* Problem details *
Reproduce the records that follow in full, excluding any picture they contain.

◆ ◆ ◆ ◆ ◆

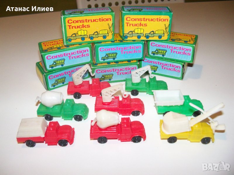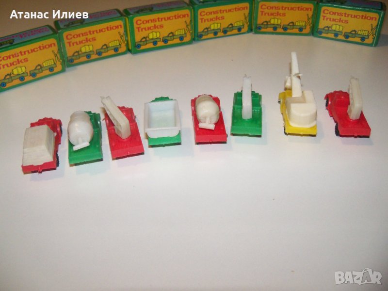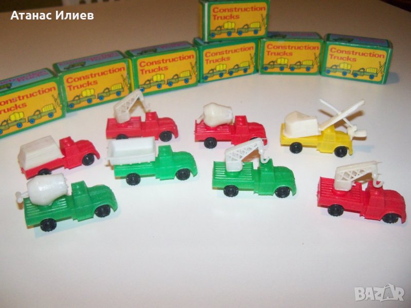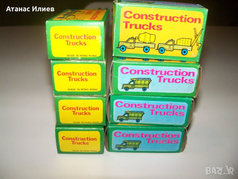 Осем камиончета играчки произведени в Хонг Конг през 1960г. Камиончетата са в отлично състояние и са в оригиналните си опаковки, които също са в отлично състояние. Дължината на камиончето е 5 см.
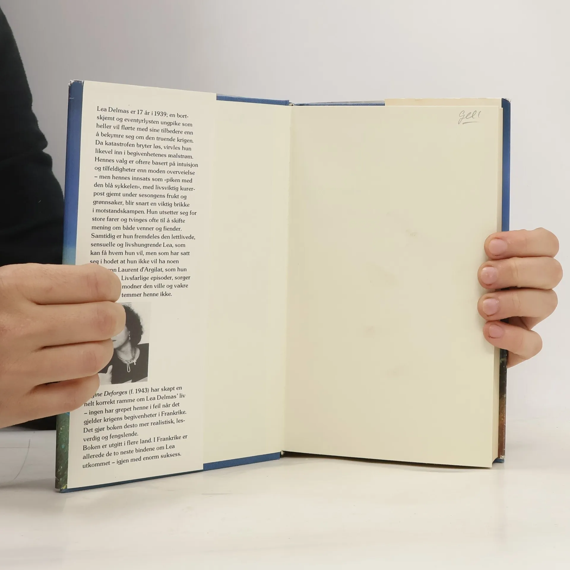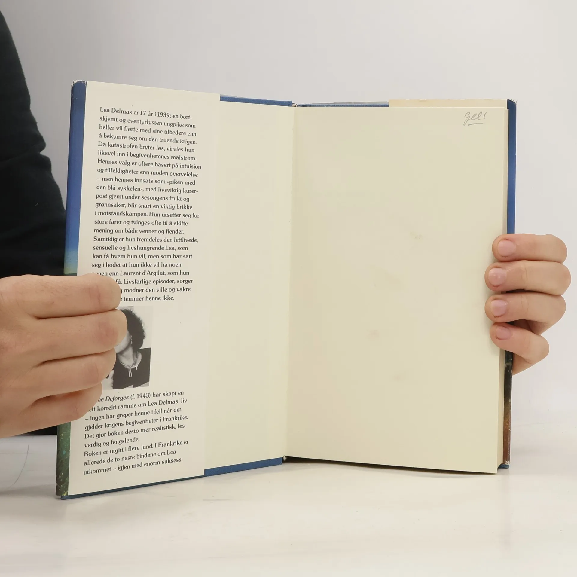 Dette er den første boken om piken med den blå sykkelen. Handlingen starter i 1939 og følger gjennom 4 bøker den 17 år gamle Lea Delmas gjennom krigen. Hun blir et viktig sendebud for motstandsgruppene.
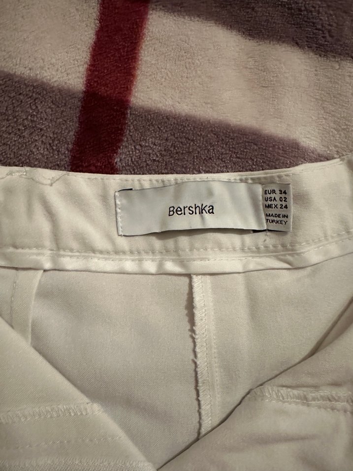 Bershka markalı, düğmeli ve beyaz kumaş pantolon. Günlük kullanıma uygun, düz ve sade tarzda, hafif desenli kumaş pantolon.
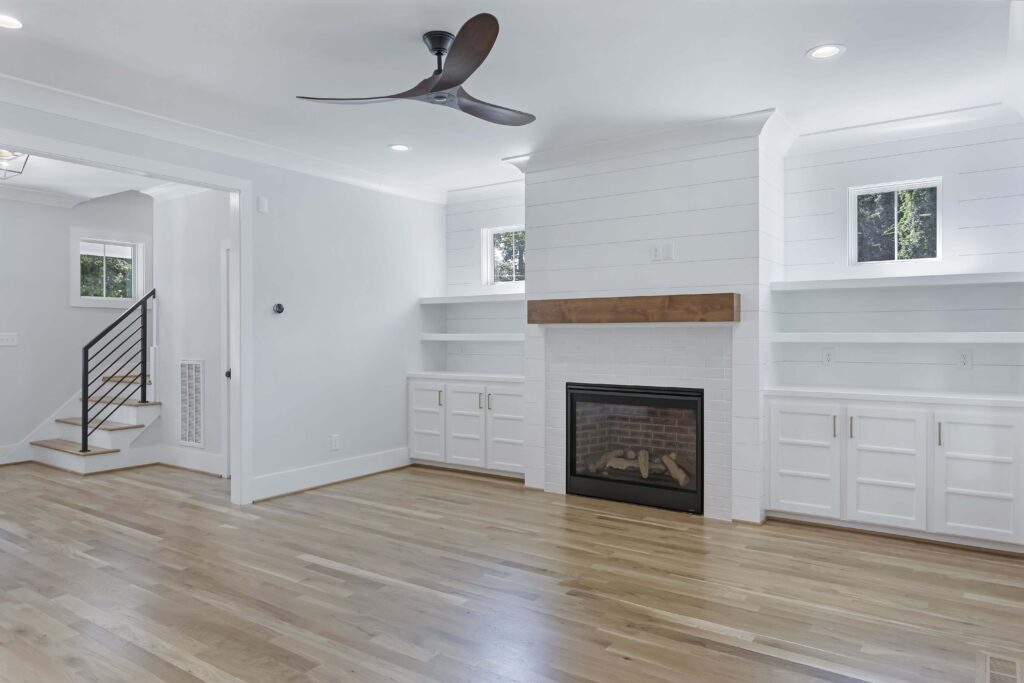 A room with a fireplace and some shelves
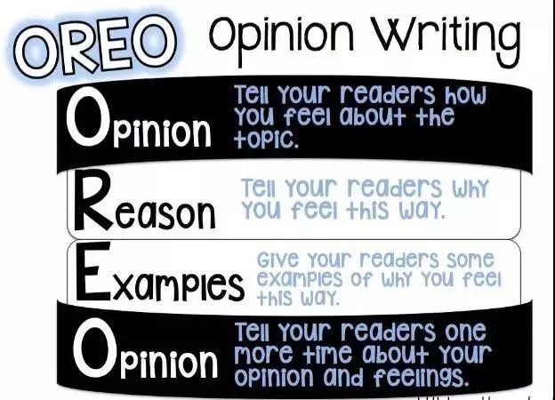 什么是观点写作Opinion Writing呢?它可以总结成一块奥利奥饼干——Oreo。
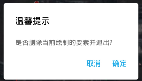 退出绘制模式:点击后,如果有添加的节点,会弹出“是否删除当前绘制的要素并退出”弹框,点击确定后退出绘制模式并清空绘制的节点信息,点击取消则弹框消失。如果没有添加的节点则直接退出绘制模式。
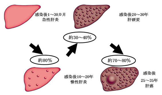 B型肝炎ウイルスに対しては現在、核酸アナログといって内服でウイルスの増殖を抑制し、肝障害を起こらなくする薬を使用することができます。この内服により、ほとんどの場合血液中のウイルスは検出できない程度にまで減少し、肝臓の数値(AST・ALT)は正常化します。すなわち肝障害が治まるわけです。この状態を維持できれば、B型肝炎ウイルスに感染していても肝臓が徐々に悪くなって肝硬変に至る可能性はグンと低くなります。 ただ、B型肝炎に関しては、後述するC型肝炎のように「ウイルスを消す・体の中から駆除する」ことを可能にする薬はまだありません(現在そのような薬の開発が世界中で試みられています)。「飲みだすと一生飲まなければいけなくなる」と言われる患者さんがいますが、ちょうど血圧やコレステロールのお薬のように「いい状態を保つ」、この場合は肝障害のない安定した状態で肝臓を長く保って、自分が生きている期間は肝臓が十分機能している状態を維持するのが治療の基本です。これにより、もし肝がんが発生してしまった場合でも肝臓には十分な治療ができるため、B型肝炎による肝細胞癌の患者さんの生存率は核酸アナログが無かった時代に比べて非常に改善しています。

◆ ◆ ◆ ◆ ◆

* Reply to the exercise *
 Осем камиончета играчки произведени в Хонг Конг през 1960г. Камиончетата са в отлично състояние и са в оригиналните си опаковки, които също са в отлично състояние. Дължината на камиончето е 5 см.
 Dette er den første boken om piken med den blå sykkelen. Handlingen starter i 1939 og følger gjennom 4 bøker den 17 år gamle Lea Delmas gjennom krigen. Hun blir et viktig sendebud for motstandsgruppene.
 Bershka markalı, düğmeli ve beyaz kumaş pantolon. Günlük kullanıma uygun, düz ve sade tarzda, hafif desenli kumaş pantolon.
 A room with a fireplace and some shelves
 什么是观点写作Opinion Writing呢?它可以总结成一块奥利奥饼干——Oreo。
 退出绘制模式:点击后,如果有添加的节点,会弹出“是否删除当前绘制的要素并退出”弹框,点击确定后退出绘制模式并清空绘制的节点信息,点击取消则弹框消失。如果没有添加的节点则直接退出绘制模式。
 B型肝炎ウイルスに対しては現在、核酸アナログといって内服でウイルスの増殖を抑制し、肝障害を起こらなくする薬を使用することができます。この内服により、ほとんどの場合血液中のウイルスは検出できない程度にまで減少し、肝臓の数値(AST・ALT)は正常化します。すなわち肝障害が治まるわけです。この状態を維持できれば、B型肝炎ウイルスに感染していても肝臓が徐々に悪くなって肝硬変に至る可能性はグンと低くなります。 ただ、B型肝炎に関しては、後述するC型肝炎のように「ウイルスを消す・体の中から駆除する」ことを可能にする薬はまだありません(現在そのような薬の開発が世界中で試みられています)。「飲みだすと一生飲まなければいけなくなる」と言われる患者さんがいますが、ちょうど血圧やコレステロールのお薬のように「いい状態を保つ」、この場合は肝障害のない安定した状態で肝臓を長く保って、自分が生きている期間は肝臓が十分機能している状態を維持するのが治療の基本です。これにより、もし肝がんが発生してしまった場合でも肝臓には十分な治療ができるため、B型肝炎による肝細胞癌の患者さんの生存率は核酸アナログが無かった時代に比べて非常に改善しています。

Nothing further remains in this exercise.